Latest announcement by Iran appears to have sent panic attack down the spines of the Organisation for Petroleum Exporting Countries, OPEC, and non-OPEC countries, as the country says it will ramp up oil export as high as two million by the third month of Iranian calendar year.

Iran’s first Vice President, Es’hag Jahangiri, told Tasnim news agency, saying the increase will begin on May 22.

According to Jahangiri, after the implementation of Iran’s nuclear deal with the world’s major power on January 16, the country’s oil export rose from one million barrel per day to 1.4 million, and it is expected to rise more in the future.

Iran which is OPEC’s second-largest producer after Saudi Arabia, wants to clear space for its gradual return to the market following the lifting of sanctions in January.

To this effect, Iran Oil Minister, Bijan Namdar Zanganeh, vowed to reclaim the country’s share of global crude oil export.

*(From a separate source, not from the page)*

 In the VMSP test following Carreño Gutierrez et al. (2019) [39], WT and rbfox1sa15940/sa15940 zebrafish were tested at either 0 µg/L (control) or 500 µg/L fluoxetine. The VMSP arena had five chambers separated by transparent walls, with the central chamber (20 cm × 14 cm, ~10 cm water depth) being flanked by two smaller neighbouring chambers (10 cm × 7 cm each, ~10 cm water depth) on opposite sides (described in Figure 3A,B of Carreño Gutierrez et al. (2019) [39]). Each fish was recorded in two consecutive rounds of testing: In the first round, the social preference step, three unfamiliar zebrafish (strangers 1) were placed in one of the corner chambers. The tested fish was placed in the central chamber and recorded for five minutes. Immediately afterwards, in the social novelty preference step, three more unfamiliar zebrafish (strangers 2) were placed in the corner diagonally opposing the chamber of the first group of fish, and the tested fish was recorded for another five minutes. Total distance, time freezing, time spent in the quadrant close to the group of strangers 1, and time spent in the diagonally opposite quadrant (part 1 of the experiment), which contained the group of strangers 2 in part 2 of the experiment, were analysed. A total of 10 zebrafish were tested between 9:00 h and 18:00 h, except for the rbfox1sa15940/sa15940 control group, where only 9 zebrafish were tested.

Last week, National Iranian Oil Company (NIOC) Managing Director, Rokneddin Javadi, said the country’s oil export, rose to 1.8 million barrel per day for the first time since 2012.

This recent plan by Iran as a key member of OPEC, seems to contradict OPEC’s move to reduce quantity of oil supply to the market in order to boost price.

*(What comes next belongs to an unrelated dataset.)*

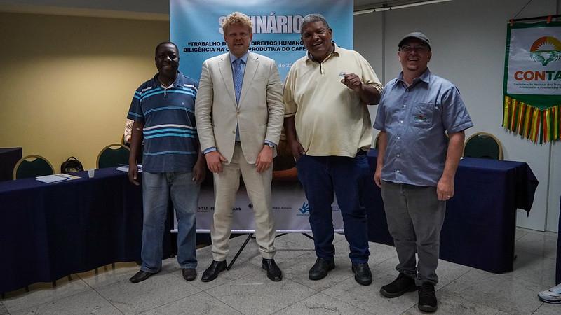 A FERAESP esteve representada por Aluísio Santos (secretário-geral), Rubens Germano (diretor de finanças), Eduardo Porfírio (diretor de formação) e Gilson Lago (diretor agrário e de meio ambiente). A delegação destacou a importância de ampliar o diálogo social e reforçar mecanismos de fiscalização, prevenção a abusos e promoção do trabalho digno para os assalariados rurais do café.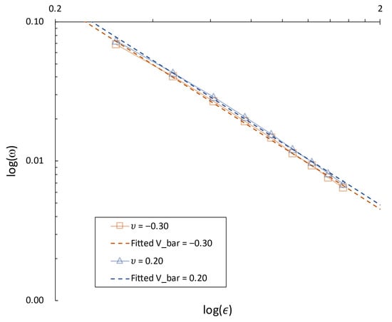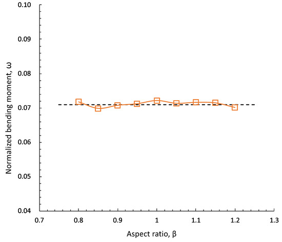 Figure 16 demonstrates the effect of the aspect ratio on the normalized bending moment for an MBF with = 0 and . It shows that the normalized bending moment was little affected as the shape of the MBF changed, which proves that consideration of the aspect ratio in the DCM is unnecessary. Figure 17 illustrates the effect of normalized vertical loads on the normalized bending moments for an MBF with . The normalized vertical load had little influence on the normalized permitted bending moment when the eccentricity was great. In contrast, the normalized vertical load affected the normalized permitted bending moment in the case of low eccentricity. A compressive load could decrease the normalized permitted bending moments. It was found that the soil could yield much more easily under a compressive load. The normalized permitted bending moments were similar to those when a great eccentric load was applied. The normalized permitted bending moments increased as the eccentricity ratio was reduced. Figure 18 illustrates the effect of eccentricity on the normalized permitted bending moments for an MBF with . The normalized permitted bending moment decreased with a greater eccentricity ratio. Figure 19 presents two almost-linear - curves in logarithmic space for an MBF with and , respectively. They appear to be linear in the dual logarithmic coordinate diagram. Thus, by best fitting the curves of shown in Figure 19, the generalized relationship can be expressed by

OPEC and non-OPEC countries will come together for a meeting this month, to agree on an oil freeze quota which many believe will help boost their economies.

However, with Iran’s plan to increase export, experts doubt the country’s participation in the next meeting to agree on oil freeze.

A new report by the Institute for International Finance, has also said the rise of moderates in Iran’s elections has increased the chances of the nation joining the oil-producer coalition to freeze output.

According to IIF, Iran’s President, Hassan Rouhani, will advocate a compromise with Russia and some members of OPEC. Such move, according to IIF, would lift Brent crude to $50 a barrel by the year’s end as against $40.88 it has been hovering around.

 “The revenue from oil for Iran would be much higher even if they agree on freezing production at the current level rather than having no agreement which would keep oil prices low,” said Garbis Iradian, chief economist for Africa and Middle East at IIF. Moderates have more influence now than hardliners who oppose “foreigners’ looting of natural resources,” he said.

Iran has more negotiating power now than it did when Saudi Arabia, Russia, Venezuela and Qatar agreed to freeze production at January levels, Iradian said. It was in Iran’s interest to delay talks until it had enough time to recover from sanctions lifted in January and restore output closer to its pre-sanctions level of 3.6 million barrels a day, he said.

However, OPEC and non-OPEC countries are doing all it takes to drag Iran into talk, and stop the country from increasing export to its pre-sanction quota of 3.6 million per day, a move Iran seems not to align with at the moment.